Prothero’s description of “critics of hyphenated Americanism” as “conservative” is also misleading. The leading opponent of Catholic-hyphenates was the father of modern liberalism, Woodrow Wilson. He insisted they were “pouring poison into the veins of national life.”

In the 1930s, the liberal wing of the Democratic Party welcomed Catholics not because they were inclusive, open-minded lovers of liberty, but because they needed their votes.

Although Catholic Al Smith was beaten badly in the 1908 presidential contest, he was the first Democrat to carry America’s twelve largest cities. Smith’s candidacy brought out Catholic immigrant voters in record numbers. Four years later, Franklin Roosevelt built a winning coalition of urban Catholics and Southern segregationists that lasted until the Johnson landslide of 1964.

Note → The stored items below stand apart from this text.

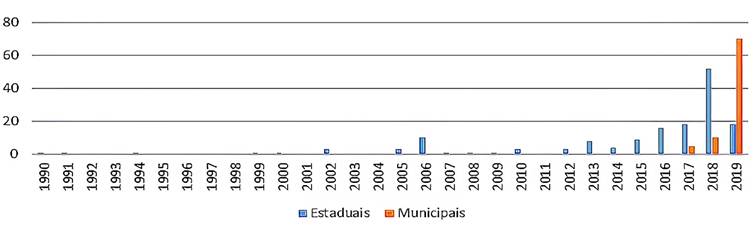 Os seguintes elementos (Tabela 1 e gráfico 1) permitem uma visão abrangente do processo de militarização nacional e demonstram que esse processo também é adotado em escolas municipais.
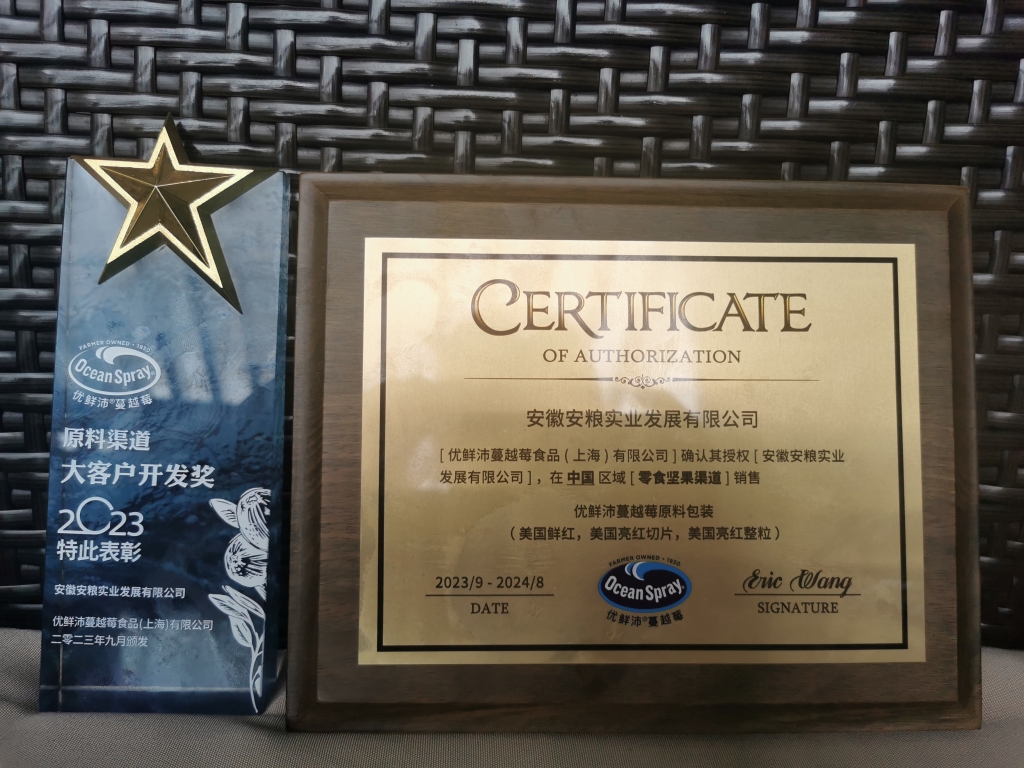 安糧實(shí)業(yè)獲得優(yōu)鮮沛品牌授權(quán),并榮獲“大客戶(hù)開(kāi)發(fā)獎(jiǎng)”,不僅是對(duì)安糧實(shí)業(yè)在休閑食品原料領(lǐng)域?qū)I(yè)性的認(rèn)可,也是對(duì)我司市場(chǎng)開(kāi)拓能力的信任。通過(guò)共享資源、互換優(yōu)勢(shì),安糧實(shí)業(yè)與優(yōu)鮮沛將共同推動(dòng)休閑食品行業(yè)的發(fā)展,為廣大消費(fèi)者帶來(lái)更多美味、健康的休閑食品,未來(lái)安糧實(shí)業(yè)與優(yōu)鮮沛的合作會(huì)讓更多客戶(hù)能采購(gòu)到高品質(zhì)休閑食品原料和新鮮蔓越莓產(chǎn)品。
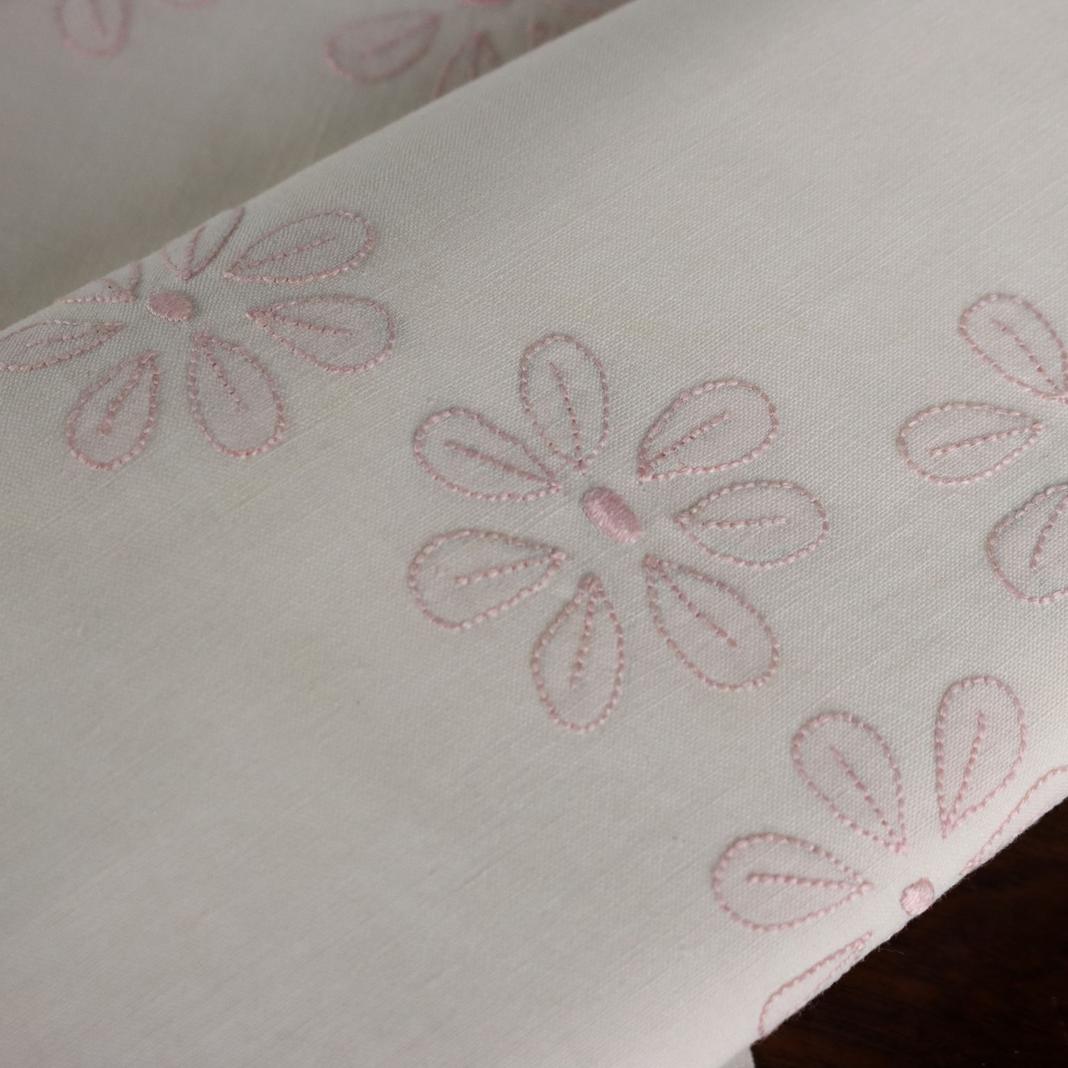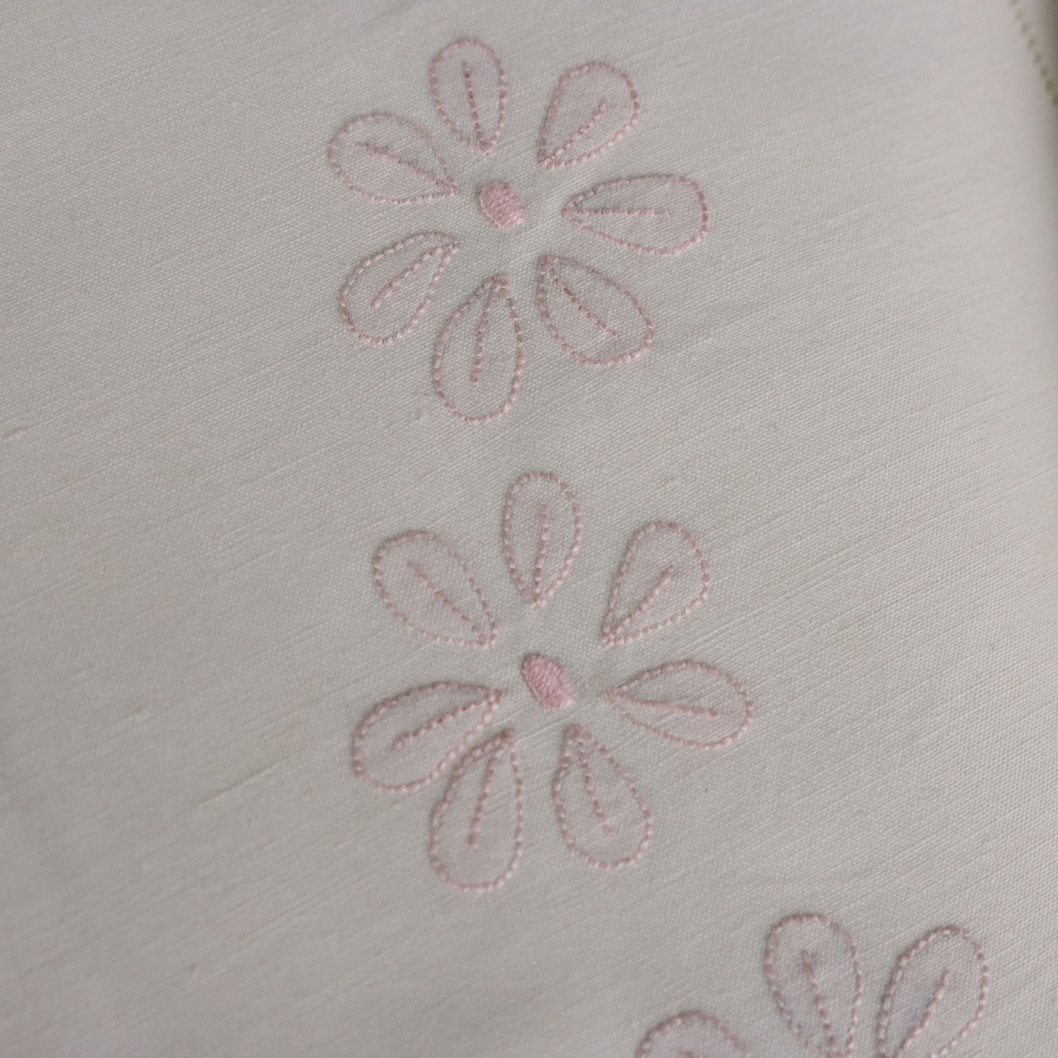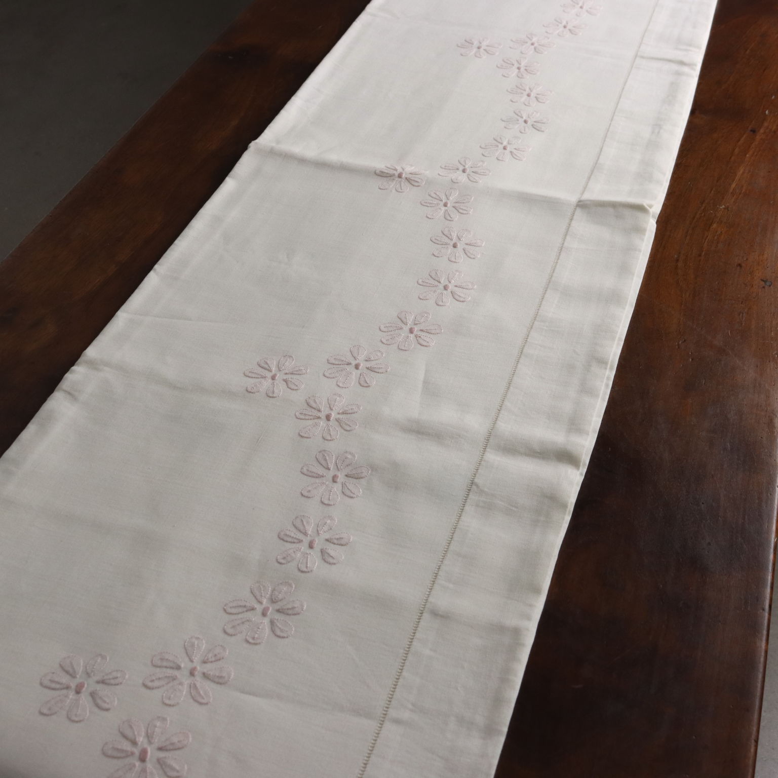 Lenzuolo matrimoniale con due federe. Lavorazione dei fiori a punto ombra di colore rosa antico.

Catholics later left the Democratic Party in droves and became an integral part of the Reagan coalition, because they believed leftist social planners who frowned upon Catholics’ cultural values had largely captured the Democrats.

As for recent leftist cultural victories, they owe a great deal to what Richard Hofstadter called “totalitarian liberals,” using illiberal means to achieve so-called liberal ends. They embraced “hatred as a form of creed” in pursuit of “reform.”

In the name of human rights, secular humanists have imposed relativist policies that have all but eliminated Judeo-Christian moral restraints and have ushered in what Pope Benedict called “a confused ideology of liberty [that] leads to a dogmatism that is proving evermore hostile to real liberty.”

Professor Prothero is right that liberals have been winning the culture wars, but wrongly hails those victories as advancing the cause of liberty itself.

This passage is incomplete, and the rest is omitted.